With the exception of the pictures, transcribe the entire listing exactly.
======== SOURCE MATERIAL
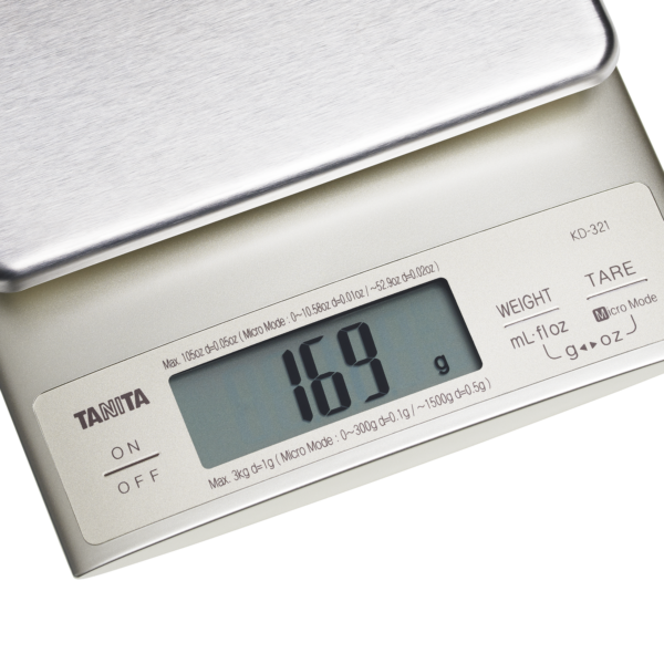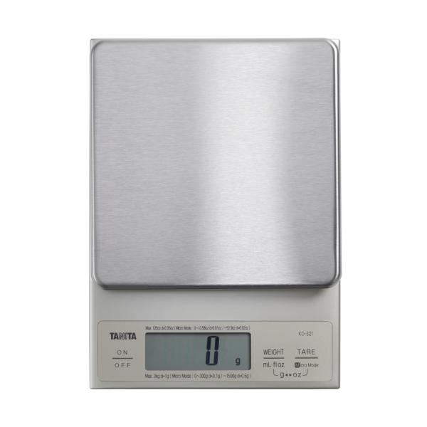 Tanita KD-321 ima mogućnost konverzije tekućine. Prikaz na vagi može se jednostavno promijeniti iz ‘grama’ u ‘mililitre’, što vam omogućuje vaganje tekućih jedinica kao što su voda ili mlijeko bez upotrebe dodatne posude za mjerenje.
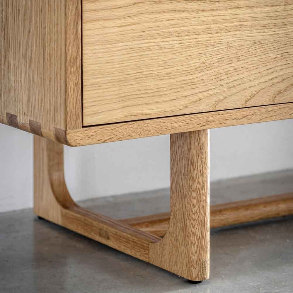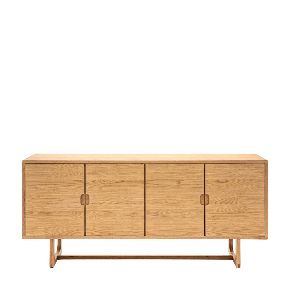 This stylish sideboard is crafted from the finest oak and oak structural veneers where practical, with a lovely natural finish. Finger joints, a technique used on only the finest cabinetry, on the exposed corners give strength and a sense of purpose and tradition to create long-lasting, legacy furniture that can be collected and handed down through generations. Also offered in a smoked finish. Matching pieces available.
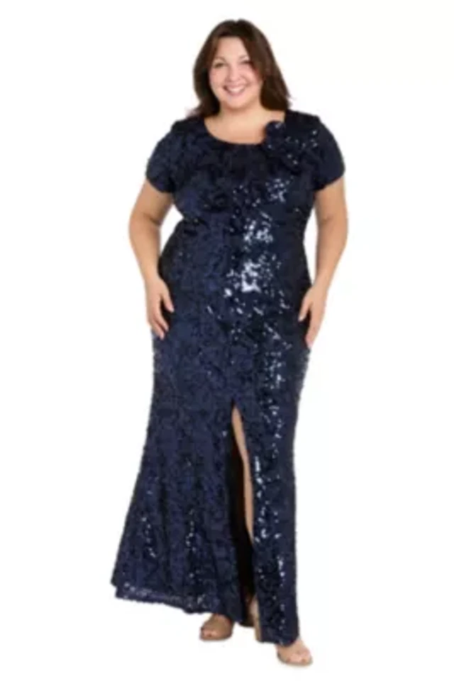 Womens Long Stretch Sequin Cap Sleeve Gown with Flower Detail
================
ANSWER TO THIS EXERCISE
 Tanita KD-321 ima mogućnost konverzije tekućine. Prikaz na vagi može se jednostavno promijeniti iz ‘grama’ u ‘mililitre’, što vam omogućuje vaganje tekućih jedinica kao što su voda ili mlijeko bez upotrebe dodatne posude za mjerenje.
 This stylish sideboard is crafted from the finest oak and oak structural veneers where practical, with a lovely natural finish. Finger joints, a technique used on only the finest cabinetry, on the exposed corners give strength and a sense of purpose and tradition to create long-lasting, legacy furniture that can be collected and handed down through generations. Also offered in a smoked finish. Matching pieces available.
 Womens Long Stretch Sequin Cap Sleeve Gown with Flower Detail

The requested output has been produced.